EXPO Chicago 2015: Emergence of Major Art Fair (Alex Chitty)
The Eye of Photography / Sep 29, 2015 / by Matthew Avignone / Go to Original
Art fairs often take their personality from the city in which they are being held. The previous years have defined EXPO CHICAGO as a generous fair, proud of its artistic scene but also adventurous, therefore in perfect harmony with the “Sweet Home Chicago” spirit.
The night of the opening, for the forth edition, EXPO CHICAGO had however lost its panache and, except for a few details, was similar to any international art fair. From the rumors heard in the halls, the main reason of this uniformity was due to the disappearing of the Chicago style hot-dogs, served as “petit-fours” the previous years.
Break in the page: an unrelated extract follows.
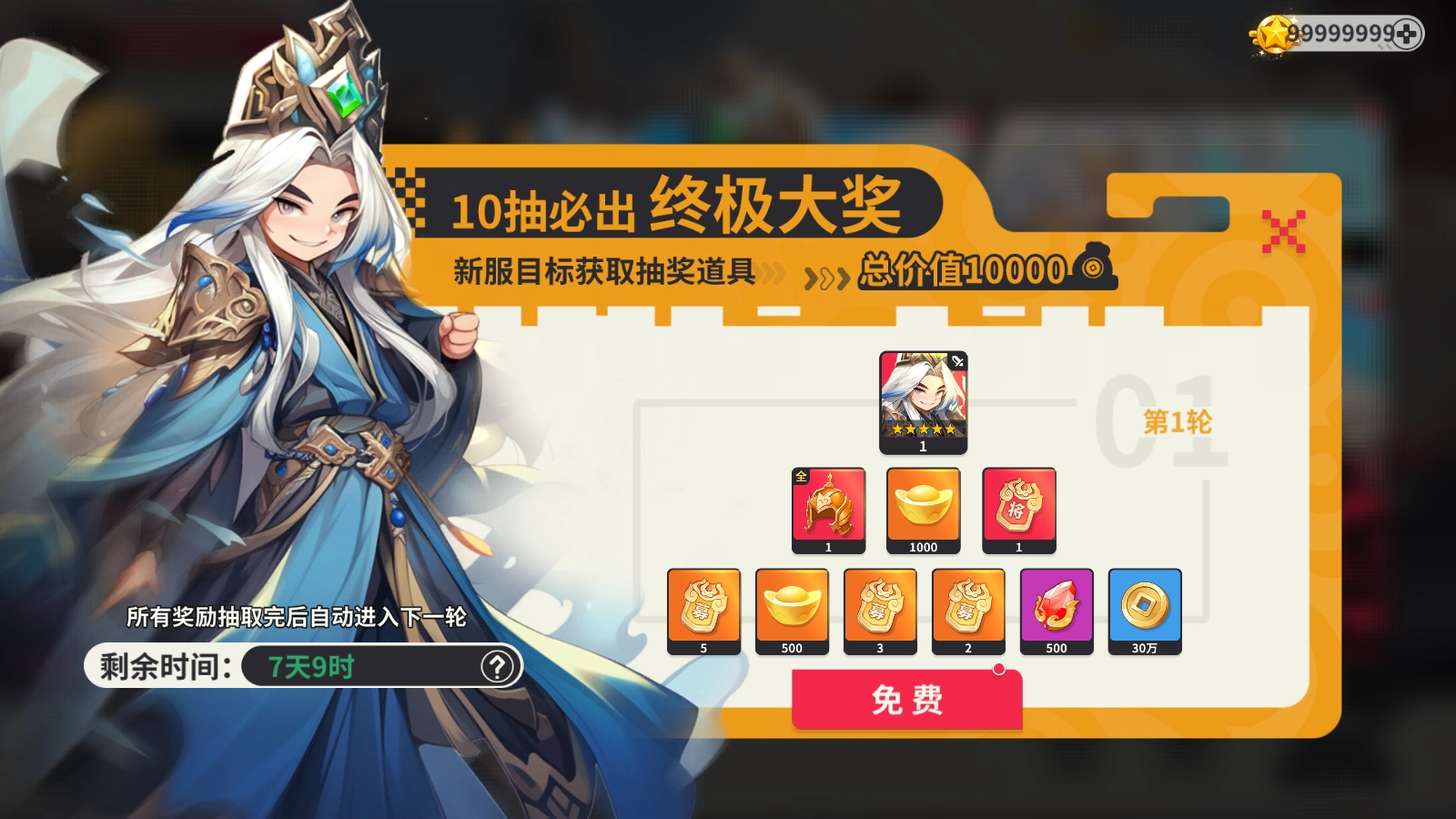 角色达到指定等级,皆可试抽三次十连抽,并且免费领取其中一组,普通天意拟定也可消耗元宝全部领取,强力阵容轻松组建。

For a complete stranger to the Chicagoan spirit, this element would seem trivial when in fact it is crucial. This “Chicago Style” gives a little more soul to the fair, personifies it in a way that Expo could not exist anywhere else than in Chicago.
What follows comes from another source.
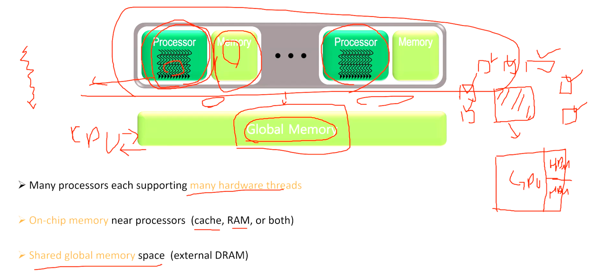 그래서 Parallel하게 처리하는 것이 중요하고 GPU는 CPU보다는 복잡하지않은 단순 연산들을 엄청 많이 할 수 있는 core들을 많이 보유하고 있다. SSD가 빠른 이유도 내부적으로 병렬적으로 처리를 다 하기 때문. 이는 스마트워치, TV 등등 임베디드 장비들도 마찬가지이다.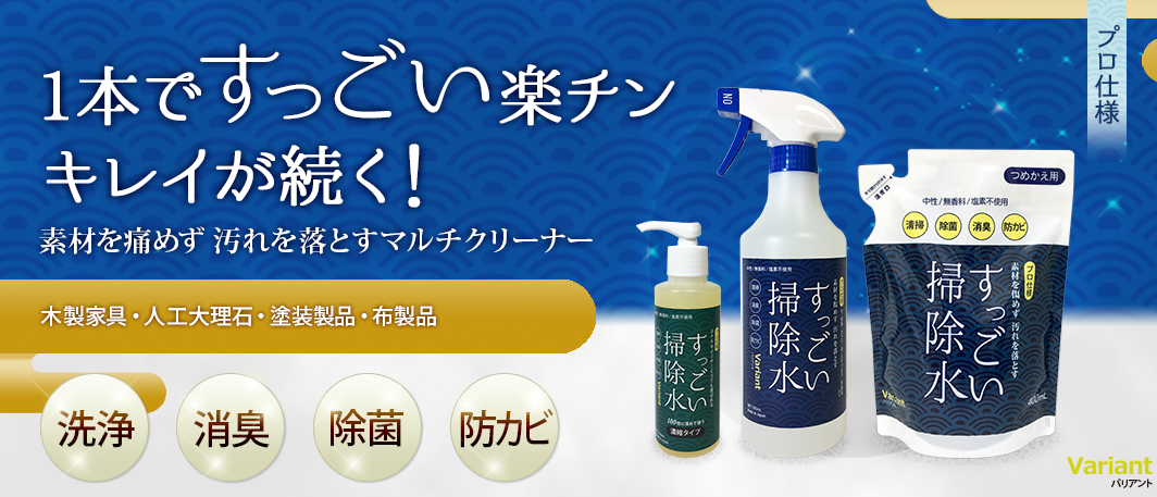 掃除水(濃縮裝)適合處理較強油漬污漬。含負離子成份,不使用化學刺激物,亦能輕易去除家居日常污垢。可以在廣泛的範圍內,殺滅同抑制真菌和細菌。即使在潮濕的地方,殺菌力也不會下降。殺菌率:99.999%。

Past the sadness, it is now obvious that EXPO CHICAGO had become an important contemporary art fair, living up to the ambitions laid up the past three years. Among the 140 galleries on site, the photographic galleries followed this orientation in showing less vintage works. Robert Koch gallery was starring Trent Davis Bailey, recent winner of the 2015 Snider Price. Martin Weinstein Gallery, with the exception of an magnificent and intense vintage portrait of the boxer Mohamed Ali by Gordon Parks, focused on the new Alec Soth Series, Songbook, and the work of the fashion photographer Cass Bird. Edwynn Houk gallery was featuring contemporary work of Abelardo Morell, and great classics of American color photography from the 1970s, among them Stephen Shore and Joel Meyerowitz.
Some of the most brilliant pieces were featured by contemporary galleries, which were not showing exclusively photography. To echo the title of Charlotte Cotton’s book, Photography is Magic, —that she launched during the fair—many exhibited photographers this year were revealing the “magic” qualities of photography, its capacity to create optical games, to transform the representation of the outside world, often in taking back old techniques, from the cyanotype to the photogram.
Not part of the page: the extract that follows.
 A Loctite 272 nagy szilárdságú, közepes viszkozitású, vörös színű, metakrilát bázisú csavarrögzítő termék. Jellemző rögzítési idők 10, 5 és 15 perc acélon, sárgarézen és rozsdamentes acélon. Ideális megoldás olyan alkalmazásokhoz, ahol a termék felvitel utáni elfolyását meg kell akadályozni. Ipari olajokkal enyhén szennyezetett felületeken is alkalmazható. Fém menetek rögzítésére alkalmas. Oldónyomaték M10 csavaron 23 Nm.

The Chicago photographic community aligns with this contemporary scene. At Andrew Rafacz gallery, the fascinating piece Sun/Sky by John Opera, a cyanotype on linen, was on view. Higher Pictures, gallery seen at Expo for the first time this year, will exhibit his work soon in New York. Recently created in Chicago by the two previous directors at Kavi Gupta, Patron Gallery was exhibiting a photographic piece by Alex Chitty in correspondence with her sculptures. Not to mention Clarissa M. Bonet, a local artist, who was showing at Catherine Edelman Gallery a 60 by 60 inch large format photograph from her Series Stay Light, a digitally constructed collage made of several buildings’ images shot at night.